About this exercise
The expected output is the full data, repeated exactly, without pictures.

Provided material
● ● ● ●

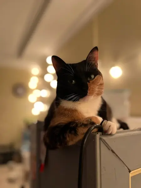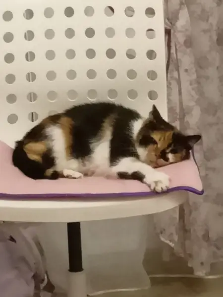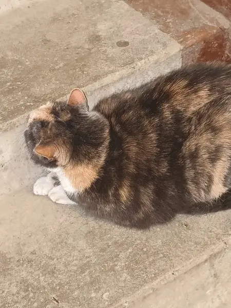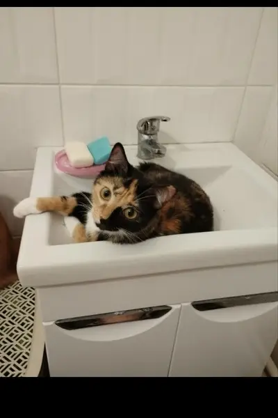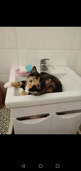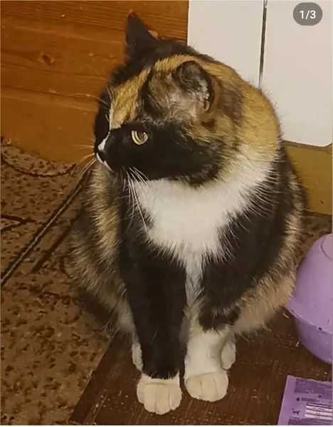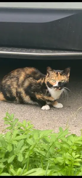 Кошечка время от времени гуляет во дворе последнюю неделю. Раньше её не видела. В основном чёрный окрас, крапенки рыжего и белого. Ходит рядом, но держит дистанцию
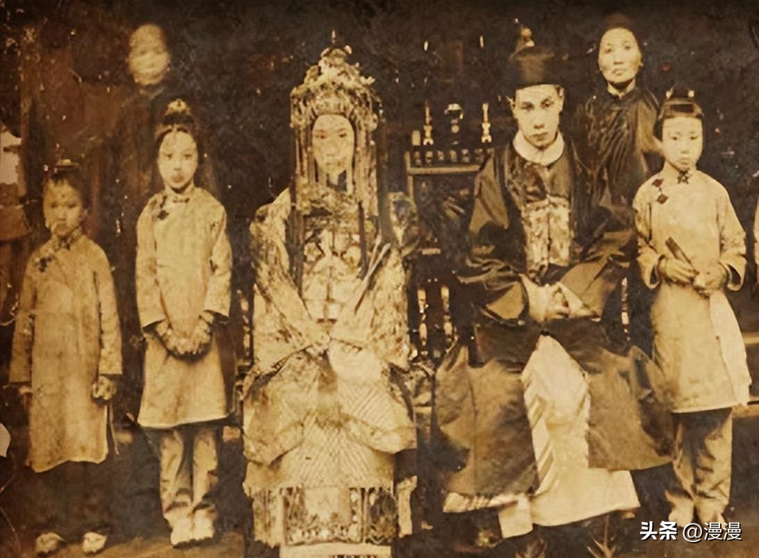 09这是清末时期一个王爷的婚礼照片,从他服装上的团龙补子可以推断出,他应该位在郡王或者以上
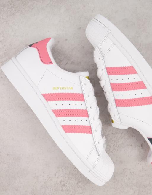 Adidas shop superstar pink, adidas Originals Superstar trainers in white with pink detailing shop
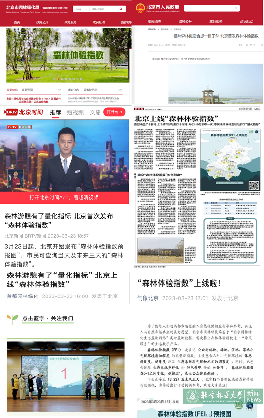 近日,北京市园林绿化局联合北京市气象局,发布生态数据产品“森林体验指数”,这是北京市首次推出“为民服务”生态数据产品。我校水保学院查天山教授团队作为森林体验指数技术研发团队,为该指数的顺利发布与持续预报提供了科学可靠的技术支撑。

● ● ● ●

Output of the exercise
 Кошечка время от времени гуляет во дворе последнюю неделю. Раньше её не видела. В основном чёрный окрас, крапенки рыжего и белого. Ходит рядом, но держит дистанцию
 09这是清末时期一个王爷的婚礼照片,从他服装上的团龙补子可以推断出,他应该位在郡王或者以上
 Adidas shop superstar pink, adidas Originals Superstar trainers in white with pink detailing shop
 近日,北京市园林绿化局联合北京市气象局,发布生态数据产品“森林体验指数”,这是北京市首次推出“为民服务”生态数据产品。我校水保学院查天山教授团队作为森林体验指数技术研发团队,为该指数的顺利发布与持续预报提供了科学可靠的技术支撑。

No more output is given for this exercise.